◆ WORK REQUIRED:
Exclude all pictures, then restate the entries below word for word.

_ _ _

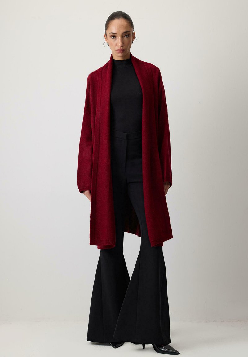 Γυναίκα που στέκεται φορώντας ένα μακρύ βουργουνδί ζακέτα, μαύρο ζιβάγκο, μαύρο καμπάνα παντελόνι και μαύρες γόβες με μυτερή μύτη, μπροστά σε απλό φόντο.
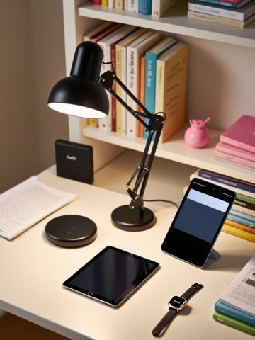 一个书桌,正面摆放着一个 iPad,iPad 上手写字写着“暑期闲聊局,读书博主都买啥”,字迹工整,画面上左下角是打开的浅色格文笔记本,夹子、便利贴等元素装饰,文字排版错落有致,右下角是一杯插着柠檬片、有气泡飘散的冰汽水。背景为虚化的很有文化气息的书柜,摆满了书
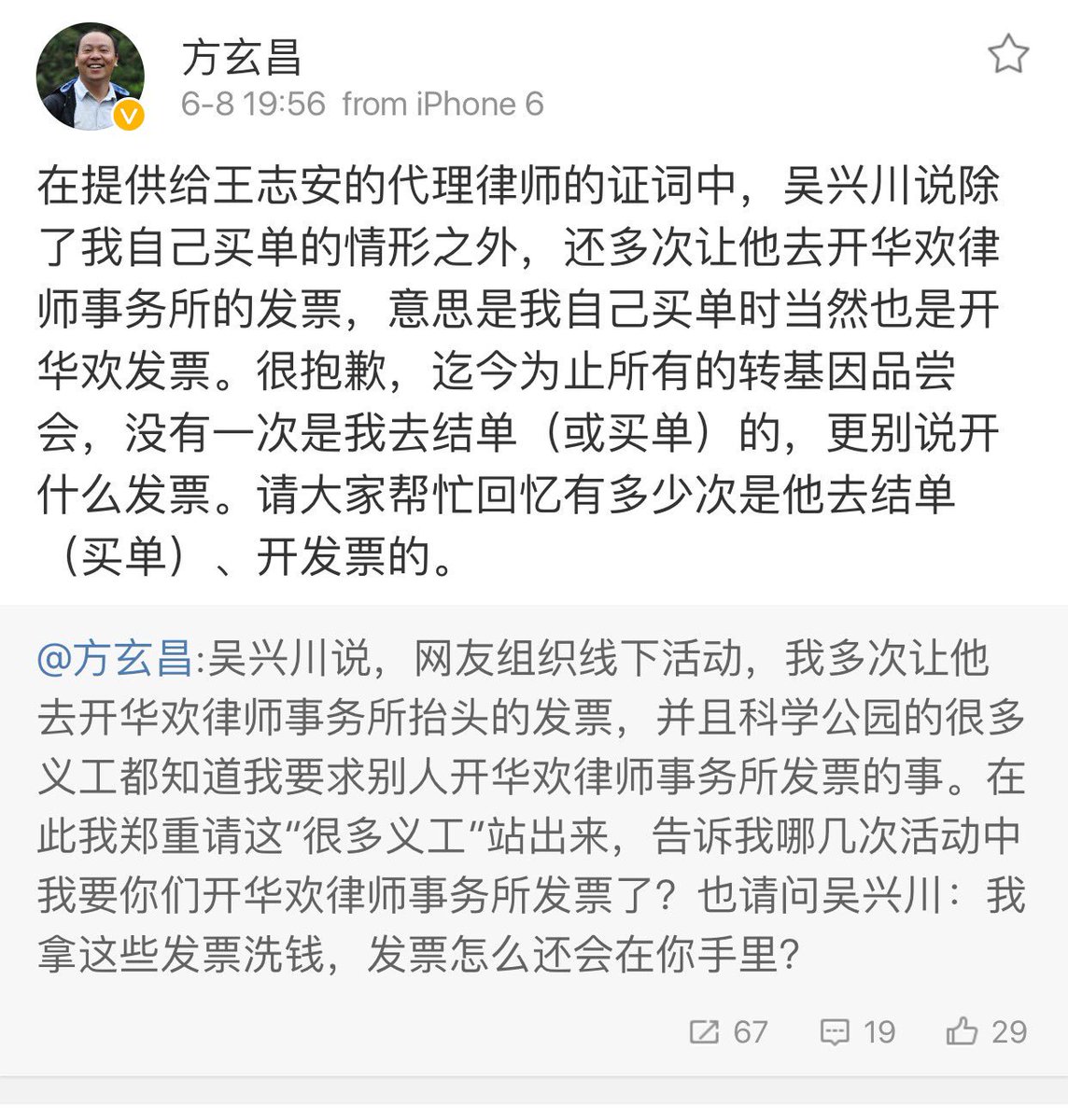 方舟子 ?@fangshimin Jun 10 凭空诬陷当然没有证据,当然只能扯无关事情。@hqabc 王志安现在已经开启说胡话模式了。法庭要他提供方玄昌用转基因品尝会发票洗钱的证据,他却扯其它的事情。中国法官素质的确不高,但明显的要说A,你提供B,这简单的判断应该不会出错。肖传国坑了N多人,王志安肯定会超越。
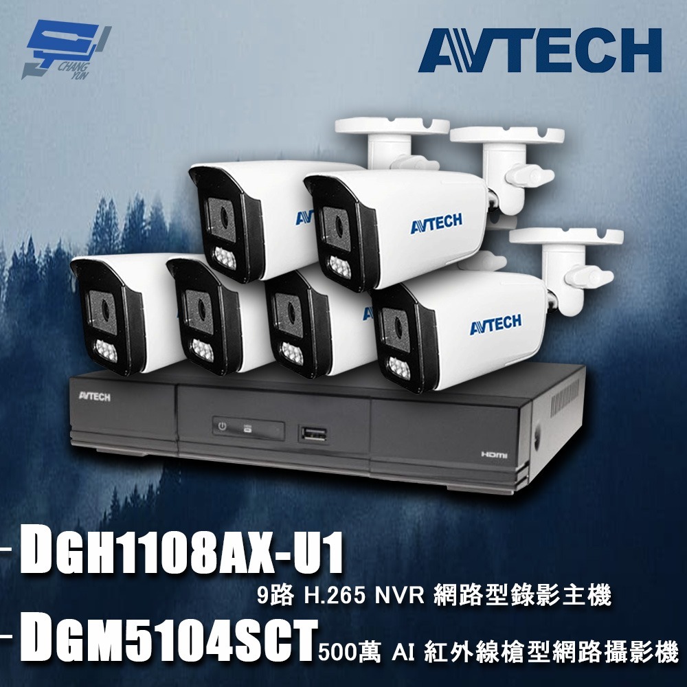 【此組合為 AVTECH陞泰組合 DGH1108AX-U1 9路 主機+DGM5104SCT 500萬 AI 紅外線槍型 網路攝影機 6支】
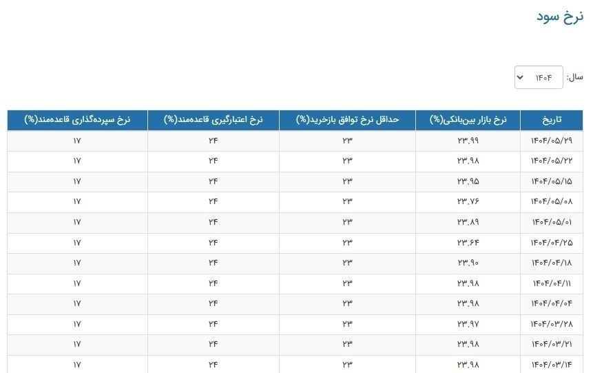 عصر اعتبار- دادههای تازه بانک مرکزی نشان میدهد نرخ سود بینبانکی در واپسین هفته مرداد به ۲۳.۹۹ درصد رسیده است.
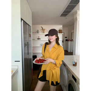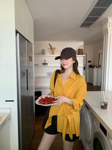 im向 南韩艺术生’百搭设计感不对称长袖上衣女宽松门襟绑带衬衫
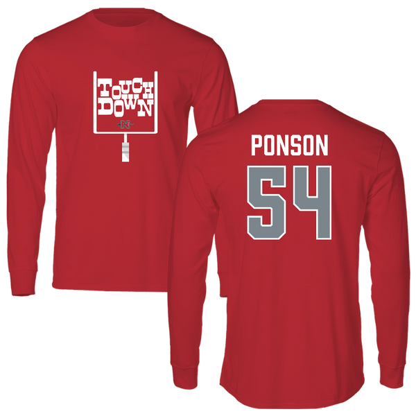 Nicholls State University Football Red Touchdown Long Sleeve - #54 Aaron Ponson
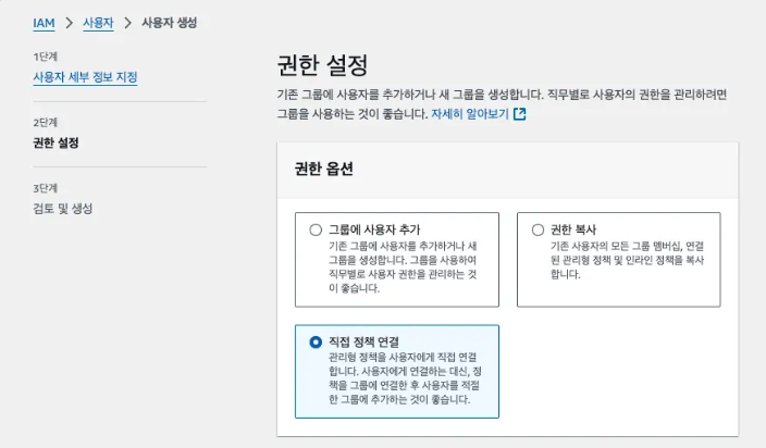 - 직접 정책 연결 선택
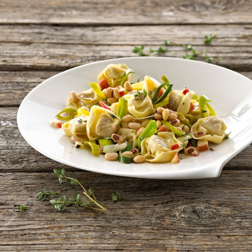 Sauter porrer i olie i en dyb pande. Tilsæt æbleeddike, æbler, timian og kog panden af. Skyl bønnerne i koldt vand og tilsæt dem. Kog pastaen efter anvisningen og vend den med bønnesauté. Smag til med salt og peber. Anret og server.
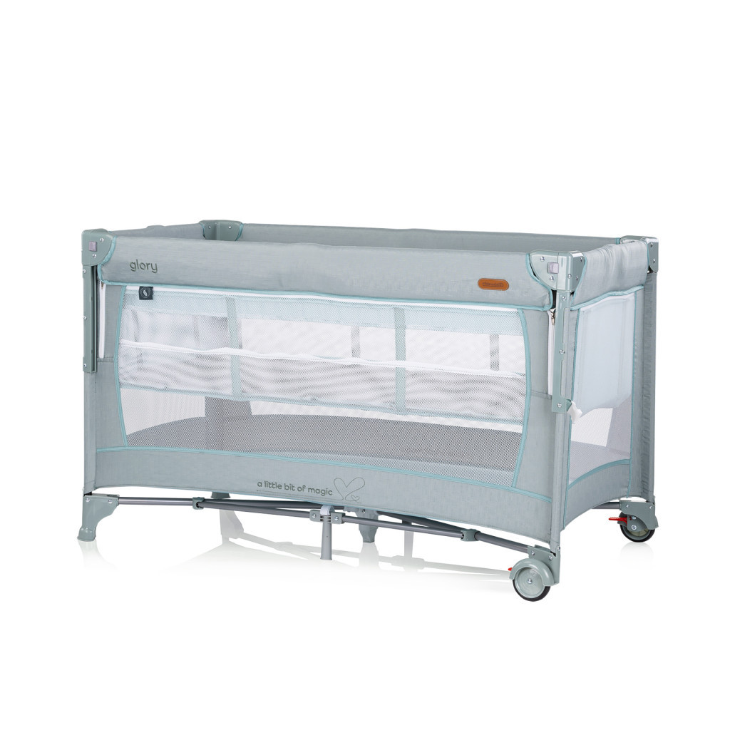 Leengedhető oldala nagyon praktikussá teszi ezt az utazóágyat kisebb és nagyobb gyermekeknek is.
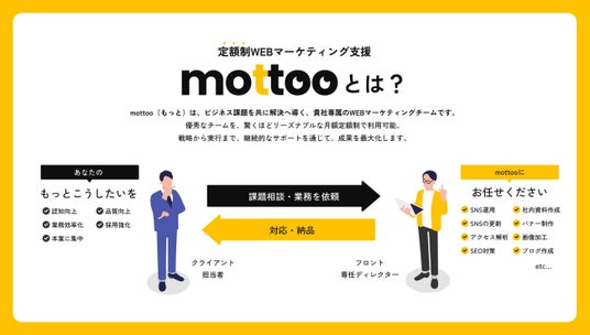 そこでRevisionは、企業の「もっと」を叶えるための新たな打ち手として、定額制Webマーケティングサービス「mottoo」の提供を開始します。「mottoo」は、高度な専門スキルを持つマーケティングチームを月額10万円から利用できる定額制サービスです。
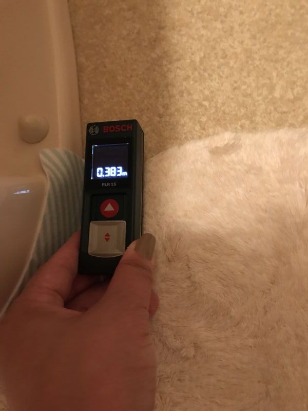 なので、ネジキャップが2つあると思いますが、壁から大きい方までのキャップを計ります。
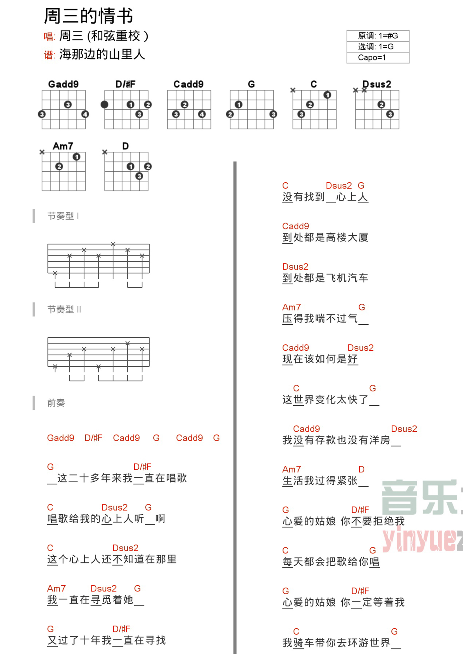 周三的情书吉他谱 - G调吉他弹唱谱 - 和弦谱

_ _ _

◆ WRITTEN REPLY:
 Γυναίκα που στέκεται φορώντας ένα μακρύ βουργουνδί ζακέτα, μαύρο ζιβάγκο, μαύρο καμπάνα παντελόνι και μαύρες γόβες με μυτερή μύτη, μπροστά σε απλό φόντο.
 一个书桌,正面摆放着一个 iPad,iPad 上手写字写着“暑期闲聊局,读书博主都买啥”,字迹工整,画面上左下角是打开的浅色格文笔记本,夹子、便利贴等元素装饰,文字排版错落有致,右下角是一杯插着柠檬片、有气泡飘散的冰汽水。背景为虚化的很有文化气息的书柜,摆满了书
 方舟子 ?@fangshimin Jun 10 凭空诬陷当然没有证据,当然只能扯无关事情。@hqabc 王志安现在已经开启说胡话模式了。法庭要他提供方玄昌用转基因品尝会发票洗钱的证据,他却扯其它的事情。中国法官素质的确不高,但明显的要说A,你提供B,这简单的判断应该不会出错。肖传国坑了N多人,王志安肯定会超越。
 【此組合為 AVTECH陞泰組合 DGH1108AX-U1 9路 主機+DGM5104SCT 500萬 AI 紅外線槍型 網路攝影機 6支】
 عصر اعتبار- دادههای تازه بانک مرکزی نشان میدهد نرخ سود بینبانکی در واپسین هفته مرداد به ۲۳.۹۹ درصد رسیده است.
 im向 南韩艺术生’百搭设计感不对称长袖上衣女宽松门襟绑带衬衫
 Nicholls State University Football Red Touchdown Long Sleeve - #54 Aaron Ponson
 - 직접 정책 연결 선택
 Sauter porrer i olie i en dyb pande. Tilsæt æbleeddike, æbler, timian og kog panden af. Skyl bønnerne i koldt vand og tilsæt dem. Kog pastaen efter anvisningen og vend den med bønnesauté. Smag til med salt og peber. Anret og server.
 Leengedhető oldala nagyon praktikussá teszi ezt az utazóágyat kisebb és nagyobb gyermekeknek is.
 そこでRevisionは、企業の「もっと」を叶えるための新たな打ち手として、定額制Webマーケティングサービス「mottoo」の提供を開始します。「mottoo」は、高度な専門スキルを持つマーケティングチームを月額10万円から利用できる定額制サービスです。
 なので、ネジキャップが2つあると思いますが、壁から大きい方までのキャップを計ります。
 周三的情书吉他谱 - G调吉他弹唱谱 - 和弦谱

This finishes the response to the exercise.